As far as water gear goes, floaties are not exactly high tech. But the tiny air-filled bubbles some microorganisms use as flotation devices when they compete for light on the water surface are a different story.
Known as gas vesicles (GVs), the micrometer-sized bubbles hold great promise for a host of biomedical applications, including imaging, sensing, cellular manipulation and tracking and more. The problem is that researchers do not yet know how to make medically useful GV varieties in the lab.
Rice University bioengineers have now created a road map showing how a group of proteins interact to give rise to the bubbles’ nanometer-thin shell. By detangling some of the complex molecular processes that take place during GV assembly, Rice bioengineer George Lu and his team in the Laboratory for Synthetic Macromolecular Assemblies are now one step closer to unlocking powerful new diagnostics and therapeutics based on these naturally occurring structures.
“GVs are essentially tiny bubbles of air, so they can be used together with ultrasound to make things inside our bodies visible, such as cancer or specific parts of the body,” said Manuel Iburg, a Rice postdoctoral researcher who is the lead author on a study published in The EMBO Journal. “However, GVs cannot be made in a test tube or on an assembly line, and we cannot manufacture them from scratch.”
The family of GVs includes some of the smallest bubbles ever made, and they can subsist for months. Their stability over longer durations is due largely to the special structure of their protein shell, which is permeable to both individual water and gas molecules but has an inner surface that is highly water-repellent–hence the GVs’ ability to keep gas in even as they are submerged. And unlike synthetic nanobubbles, which are supplied with gas from without, GVs harness gas from the surrounding liquid.
The water-dwelling photosynthetic bacteria that use GVs to float closer to sunlight have specific genes encoding for the proteins that make up this special shell. However, despite knowing just how the tiny bubbles look and even why they tend to cluster together, researchers have yet to figure out the protein interactions that enable the structures’ assembly process. Without some insight into the workings of these protein building blocks, plans for deploying lab-engineered GVs in medical applications must be placed on hold.
To address the problem, the researchers homed in on a group of 11 proteins they knew were part of the assembly process and figured out a method to track how each of them, in turn, interacts with the others inside the living parent cells.

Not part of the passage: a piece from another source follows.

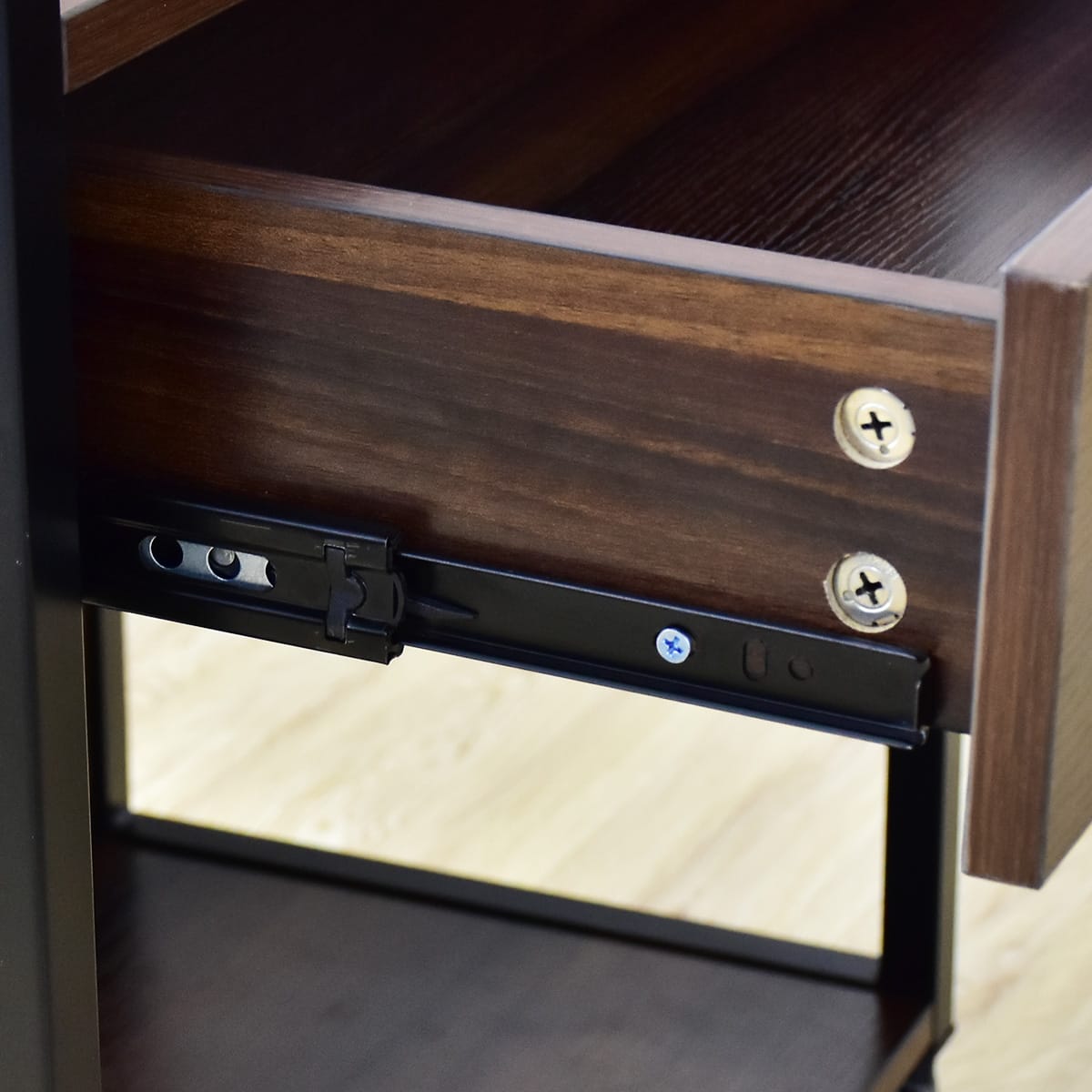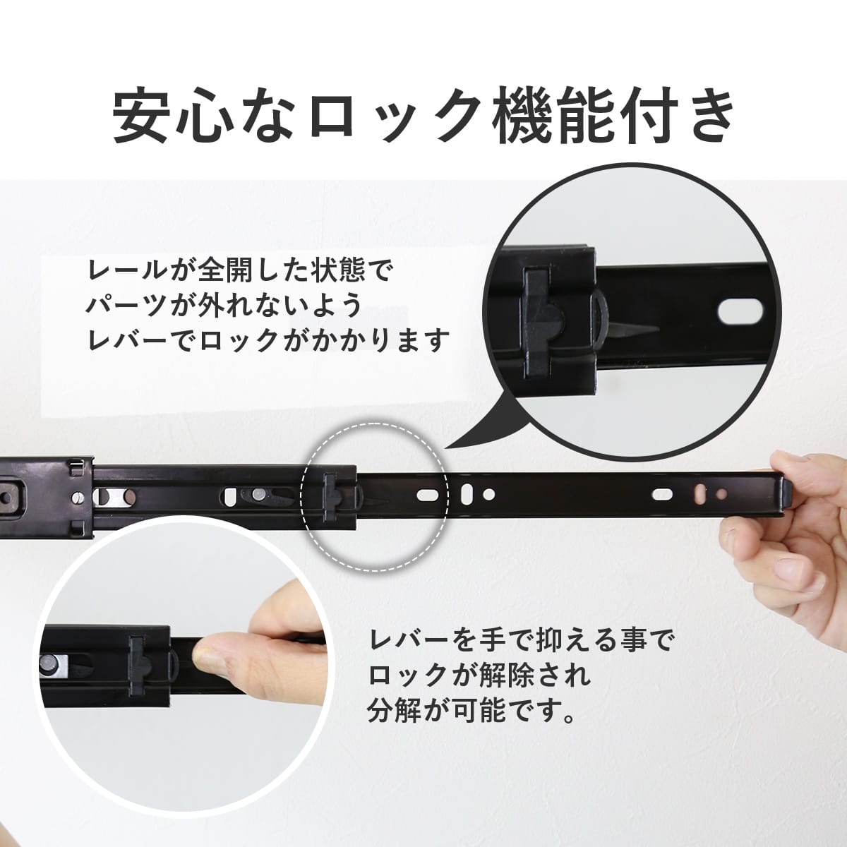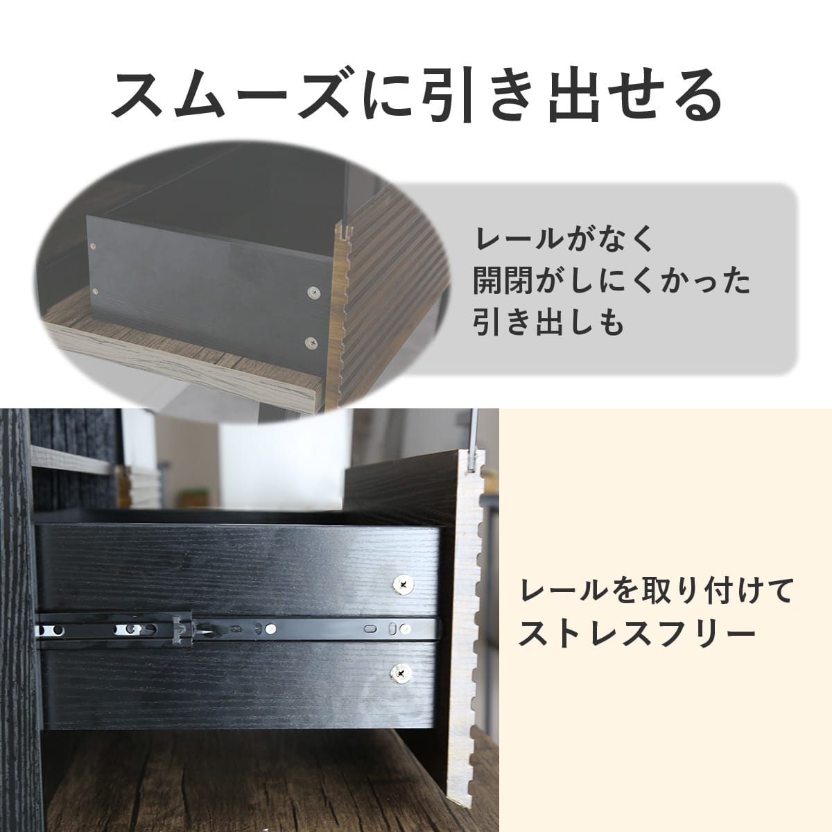 スライドレールは、スムーズな開閉を実現し、引き出しの使用感を向上させます。 さらに、全開に引き出した際に外れないロック機能が付いているため、小さなお子様がいるご家庭でも安心してご使用いただけます。家具の安全性を高めつつ、快適な使用感を提供します。

“We had to be extremely thorough and constantly check whether our cells were still making GVs,” Iburg said. “One of the things we learned is that some of the GV proteins can be modified without too much trouble.”
The researchers used this insight to add or subtract certain GV proteins as they were running the tests, which allowed them to figure out that interactions between some of the proteins required help from other proteins in order to unfold properly. They also checked whether these individual interactions changed over the course of the GV assembly process.
“Through many such permutations and iterations, we created a road map showing how all these different proteins have to interact to produce a GV inside the cell,” Iburg said. “We learned from our experiments that this road map of GV interactions is very dense with many interdependent elements. Some of the GV proteins form subnetworks that seem to perform a smaller function in the overall process, some need to interact with many of the other parts of the assembling system, and some change their interactions over time.”
“We think GVs have great potential to be used for new, fast and comfortable ultrasound-based diagnosis or even treatment options for patients,” said Lu, an assistant professor of bioengineering at Rice and a Cancer Prevention and Research Institute of Texas (CPRIT) Scholar. “Our findings can also help researchers develop GVs that enable existing treatments to become even more precise, convenient and effective.”